Randomly selected stool RNA extracts, which tested NoV positive, were subjected to RT-PCR amplification using primers from previously published work, for the purpose of sequencing to confirm the detection results. The One step Ahead RT-PCR (QIAGEN) was used, utilising specific oligonucleotide primer sets GISKF/GISKR to amplify 330 bp of GI capsid fragment and GIISKF/GIISKR for 344 bp of GII capsid fragment as previously described [24]. The PCR products of the amplified fragments were directly purified with a master mix of ExoSAP (Nucleics, Australia). Using the same specific primers, the Sanger sequencing was performed on the ABI 3500XL Genetic Analyzer POP7™ (Thermo-Scientific).
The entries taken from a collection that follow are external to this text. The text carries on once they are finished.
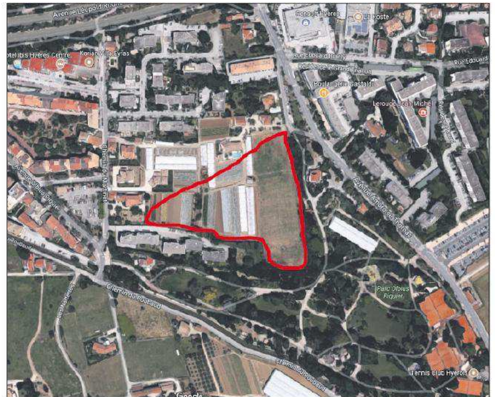
Le projet Green Park de Vinci immobilier comprend trois bâtiments pour 165 logements, sur un terrain attenant au jardin Olbius-Riquier.

Les riverains du jardin Olbius-Riquier ont appris l'existence d'un projet immobilier entre le chemin du Martinet et l'avenue Ambroise-Thomas, avec l'affichage de l'arrêté de permis de construire en date du 20 février 2017. Sur ce terrain de 17000 m 2 , Vinci immobilier résidentiel prévoit 165 logements dont 45 locatifs sociaux, trois bâtiments de R+2 à R+4 pour 8500 m 2 de surface de plancher et 15 m de hauteur maximum à l'égout du toit.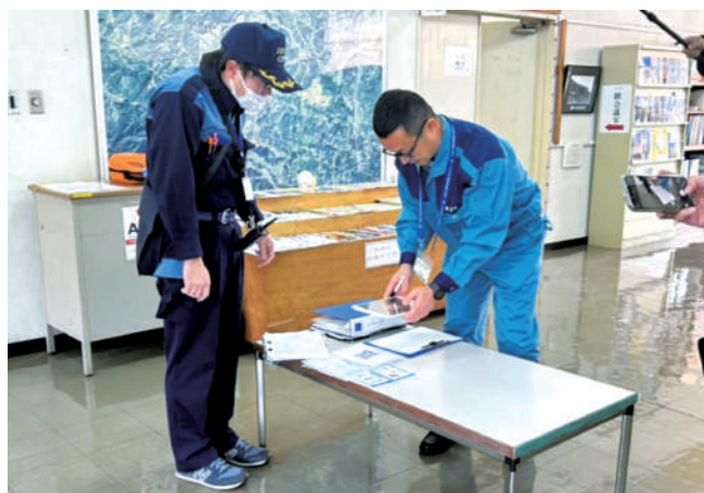
バスQRコードを用いた受付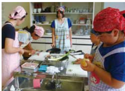
松木内小学校児童と保護者が参加した『おやこの食育教室』

食育に取り組もう! 仙北市では、市民の皆さんが各テーマを通じて「食育」についての取り組みを知っていただくため、仙北市の食育推進事業を掲載しますので、仙北市ホームページに掲載中の計画もあわせてご覧ください。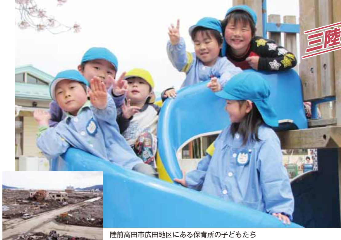
陸前高田市広田地区にある保育所の子どもたち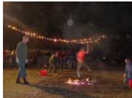
Les enfants attendent avec impatience l'autorisation de sauter le feu. Ce fut une bonne soirée!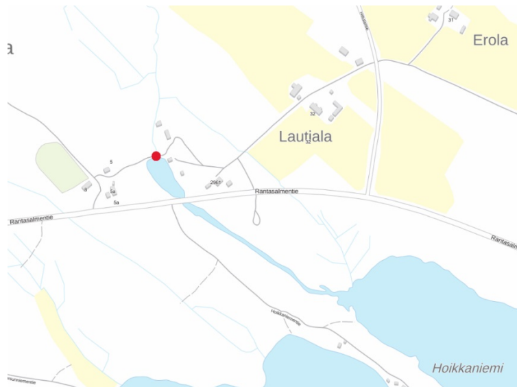
Voimalaitospadon sijainti kartalla

Rantasalmen tekninen ja ympäristölautakunnalle on tullut useita yhteydenottoja eri tahoilta koskien Säyne järven patoa. Kyseessä vesivoimalaitos, jolle on vesioikeuslain (31/1902) nojalla myönnetty pysyttämislupa 14.5.1960. Vesivoimalaitos on purettu, mutta jäljellä on voimalaitospato ja säännöstelypatoja. Yhteydenotot ovat koskeneet padon rapistuvaa kuntoa sekä Säyne järven alhaista vedenpintaa.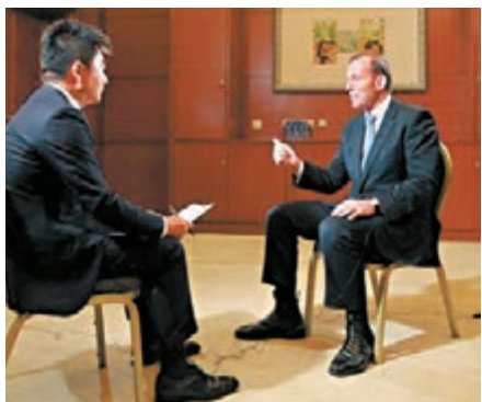
▲阿博特(右)接受央視採訪。

阿博特在接受央視採訪時表示，目前正在海面開展搜索工作，搜索範圍仍然是50公里×40公里，搜尋可能存在的殘骸，採取了投放聲吶浮標的模式。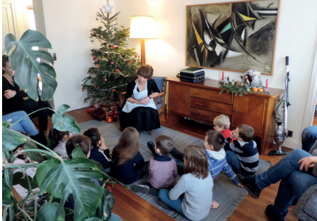
Contes de Noël dans l'Appartement témoin Perret, Le Havre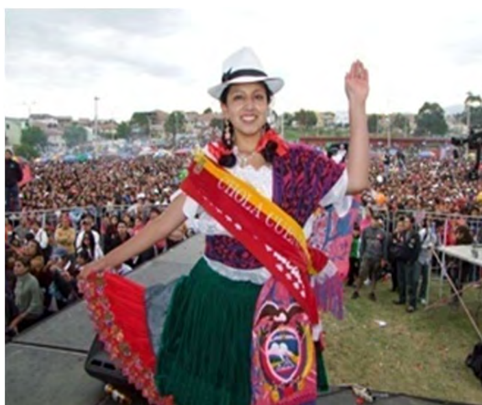
Figura 36: Chola cuencana 2010, luciendo un chal con la figura bordada del Escudo Nacional Fotografía: El Mercurio, 4 de noviembre de 2010.

En relación al paño, el historiador del arte se refiere al “abundante filamento en los extremos”. A pesar de que la producción artesanal de paños de macana elaborados en telares manuales en el cantón Gualaceo de la provincia del Azuay continúa en la región con algunas dificultades, las cholitas en el concurso usan los paños tradicionales, los cuales tienen, en efecto, un largo fleco anudado de variadas formas, y sobre el mismo un bordado del escudo nacional. El uso del escudo del Ecuador en el paño de macana de las cholitas en general, y de las concursantes a la elección de chola en particular, es un signo expresado perceptiblemente en el vestuario, de que la chola enuncia la identidad regional pero articulada al imaginario de la identidad nacional. En el siglo XIX, como vimos en el capítulo que analiza el tránsito del proyecto Cuenca Atenas a Cuenca Patrimonio, los proyectos autonomistas de la región austral quedaron en alguna medida superados, y se fue consolidando una identidad nacional, aunque con fuertes particularidades que se mantienen en la región austral.

The nucleotide sequences were compared with those of the reference strains available in the NCBI GenBank using BLAST tool available at http://www.ncbi.nlm.nih.gov/blast then analysed for their genotypes using Noronet typing tools [25] available at http://www.rivm.nlm/norovirus/typingtool
3.3. Statistical analyses
Data was initially recorded in Microsoft Excel. All analyses were done by STATA v13. Logistic regression of being NoV positive, using the following predictors: types of water sources, specific symptoms and whether or not the patient had watery stool, was calculated. Mann-Whitney U, Wilcoxon W, Z test and a t-test comparing CT values in cases and controls were performed. Non-parametric receiver operating characteristic analyses to assess the association between CT values and illness were also performed.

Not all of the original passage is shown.